AWS and PEM madness–ever lost or hurt your PEM file?

Yeah, we all have.
What I went thru many of you (I hope!) wont…but ever faced that “Lose your PEM file and you’re dead” from AWS?
Been there.
Turns out, it is survivable. AND do you even know what the files mean? I did not.

It happens. Sometimes you lose or trash your PEM file from AWS (or other). And the threats…”gone, you lose”, well, not entirely so.

I *have* hurt or lost my PEM files in the past, but recently had a reverse problem. I hurt my server-side of the PEM/ssh files. What? Yeah, it can happen (and should not have).

I was trying to get my AWS EC2 to export an NFS share. It wasn’t going well, and I’m not a deep devops guy, but know enough, and decides to “chmod 777” more and more things till i got my Mac-client NFS mount of my AWS EC2 to work! HOOOORAY!…NOT.

All was good, until, i tried to ssh back into my instance. “Public key error”. We all know, on the client side, it has to be 700/600 protection, right? And it was. Hasn’t changed. But what they dont tell you, is the other side cares about its side…and if THAT is too open then you fail (and I accidentally) did that.

So, Problem is: HOW do I get a new PEM or resurrect my PEM on an AWS instance???

If you FEEEEAR AWS (as do I) you’d think: Sorry, you’re dead, out of luck.
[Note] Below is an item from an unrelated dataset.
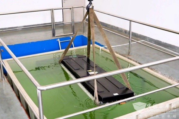 在完成126小时超国标振动测试后,福田爱易科电池不经休整便直接进入1.5米深的3.5%高浓度盐水中持续浸泡72小时(新国标仅要求2小时浸没即可)。这样连贯严苛的测试,相当于模拟车辆在长期颠簸后突然遭遇极端涉水险情,以此考验电池在经历结构疲劳损耗后的密封可靠性,其难度远超单一环境测试,福田爱易科电池依靠分子级密封体系实现优异防护。电池采用大平法兰面结构搭配高性能氟硅橡胶密封圈,凭借泡棉结构的高回弹性紧密填补缝隙,配合真空负压检测技术,能在0.02MPa气压下实现泄漏率≤5cc/h(仅为IP68标准的十分之一);同时,箱体主体通过精密焊接工艺保障结构完整性,液冷系统更可承受4bar测试压力(相当于40米深海水压)。测试后,电池不仅无泄漏、未起火、未爆炸,绝缘电阻≥500Ω/V,还能直接满电装车平稳运行——这一结果直观印证了其在“振动疲劳+深度涉水”连续极端工况下的超预期可靠性,让用户即便在长期运营中突遇暴雨积水、沿海高盐雾环境,电池仍能保持稳定安全,彻底消除极端场景下的运营隐患,为车辆全生命周期的安全高效运营筑牢防线。

But your instance and volume is good, right? In my case, I could even NFS mount that volume!! But not SSH. Uhg.

So here’s what you do. Your volume is an EBS, right? Must be. So you can visit the AWS volume page and un-assign/unmount it. You should/need to shut it down too. Do that. Then, create a new EC2 (even a cheap one).

And assign the EBS to it. On boot, mount it. (look at Ubuntu/etc docs for such, but easy…she’ll mount on a normal point).

NOW you can go into it, like “cd /myMount/home/ubuntu/.shh”

Look closely, dot-ssh, right?

First, in my case, ls -ld . and be SURE the perms are “drwx” (700) and “authorized_keys” is “-rw” (600). THIS was my problem, but probably not yours.

So, WHAT is “authorized_keys” and your .PEM file and .RSA files??? SO confusing.

So for HIGHLY secure access to a site (say, via ssh or sftp) we sometimes need a pub/private security technique (which is HIGHLY secure). A .PEM file or the equiv RSA files hold those. The file format (rsa vs pem) is really a file-format concern, and not an encryption one. In fact, you can cover from one to the other. The key/core/important-thing is: THE PRIVATE KEY IS KING!

So, your “home” “.shh” is used/interrogated for a variety or reasons, but doesn’t have-to–be. In fact, when I do a ssh or sft, i *always* specify “-i filename” but you dont have to.

On the outbound side, using ssh/sftp, the app has to know your PRIVATE key, hence you need to have a .pem or rsa file etc either in your ~/.shh folder OR using the “-i” flag. Good, so that’s your private key now trying to talk to the remote sever.

(and, per above, that file/folder MUST be secured per the apps expectations or it just wont work).

BUT, there is the other side. It is going to get ping’d with an ssh/sftp/etc and needs to know WHO that is, and if that person is valid. Ah, so, here we learn about “./.ssh/authorized_keys”. This file, text, MUST have a line with each PUBLIC key of the “attacking” client. Or, denied, or, if this “authorized_keys” file isn’t secured or folder as-expected, failure (THIS was my probably, long story)

So, in my case, i mounted my errant volume and changed the foldler protections to be 700/600 as required, re-assigned the volume back to my former EC2 instance, and all was well.

BUT, you might have lost your PEM, AND created a new one (via AWS or command line). All good. All you have to do is let your EC2 instance know about this potentially new client. You need to ADD that new PEM’s public key to your “authorized_keys” file.

Easy, peasy.

Chose your technique, i use: ssh-keygen -f private.pem -y > public.pub
Then take that .pub “TEXT” output, and add it to the end of your server’s authorized_keys file. And the unmount and re-mount that volume back on your first EC2 instance, and ssh using your new .pem file. Life should be good!!!